Explanation of Internet Domain Names

  • A domain name is not just a URL.
  • An internet domain is space (or potential space) on the internet.
  • Registering a domain name is not a way of obtaining Web hosting services or an alias URL for an existing website.
  • Each domain has a unique numeric Internet Protocol (IP) address. For example, the ncsu.edu domain has the IP addresses 152.1.x.y, 152.7.x.y and 152.14.x.y.
  • Each server and service within the ncsu.edu domain must be associated with one of these IP address ranges in order to be identified and found among the millions of other internet domains.
  • Domain names like yahoo.com are easier to remember than numeric IP addresses, but each fully qualified domain name (e.g., www.ncsu.edu) corresponds to a specific IP address.
  • Domain names must be unique and officially registered so that the Internet Domain Name System (DNS) can match the name with the IP address. That address must be physically assigned to server software running on at least one computer in order for there to be an actual internet presence.
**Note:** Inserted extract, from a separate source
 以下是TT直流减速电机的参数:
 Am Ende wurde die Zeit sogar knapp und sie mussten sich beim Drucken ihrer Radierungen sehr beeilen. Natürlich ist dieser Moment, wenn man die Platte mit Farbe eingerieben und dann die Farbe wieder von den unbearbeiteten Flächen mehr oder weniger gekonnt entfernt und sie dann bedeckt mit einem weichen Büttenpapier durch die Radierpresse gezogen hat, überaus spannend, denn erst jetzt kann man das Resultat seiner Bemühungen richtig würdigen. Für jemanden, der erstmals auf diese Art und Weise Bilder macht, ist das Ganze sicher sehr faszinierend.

  • Some companies who register internet domain names also offer web hosting, email or ftp services.
  • Registering a domain name and being given an IP address gives you the right to create your own space on the internet.
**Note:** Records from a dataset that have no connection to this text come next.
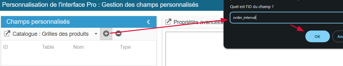 Clic sur l’icône d’ajout pour créer la ligne du nouveau champ et indiquez son ID order_interval
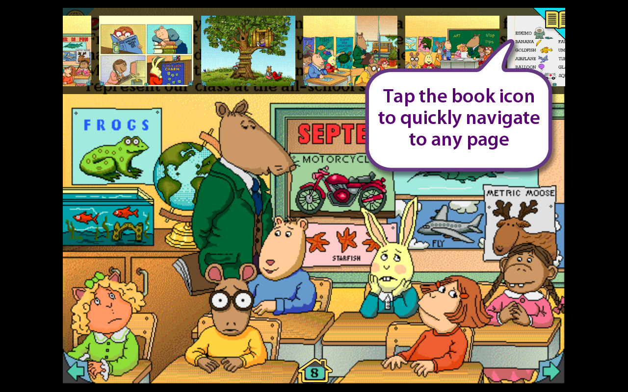 Play inside the story and interact with all the characters and words with Arthur’s Teacher Trouble, an imaginative and interactive reading experience with fully animated content loved by children, parents and teachers alike. Wanderful brings every page of this great Marc Brown story to life. Read and play along as Arthur learns to cope with his strict new teacher, Mr. Ratburn and compete in a school-wide Spelling Bee. Will he study hard for the competition? How will he do?
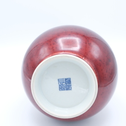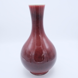 | Omschrijving | Een Chinees porseleinen flesvormige vaas, ossenbloed of ‘langyao’, gemerkt met zegelmerk. China 20e /21e eeuw. |

    However, it does not create the space or provide you any other internet services.
  • If you already have a working website, then it already exists within an internet domain.
  • At NC State, every network host (i.e., network-connected computer) must be registered in the ncsu.edu domain unless exception is granted by the Associate Vice Chancellor for Finance and Information Systems or the Vice Provost for Information Technology. See Administrative Regulations — Computer Use, Section III, L.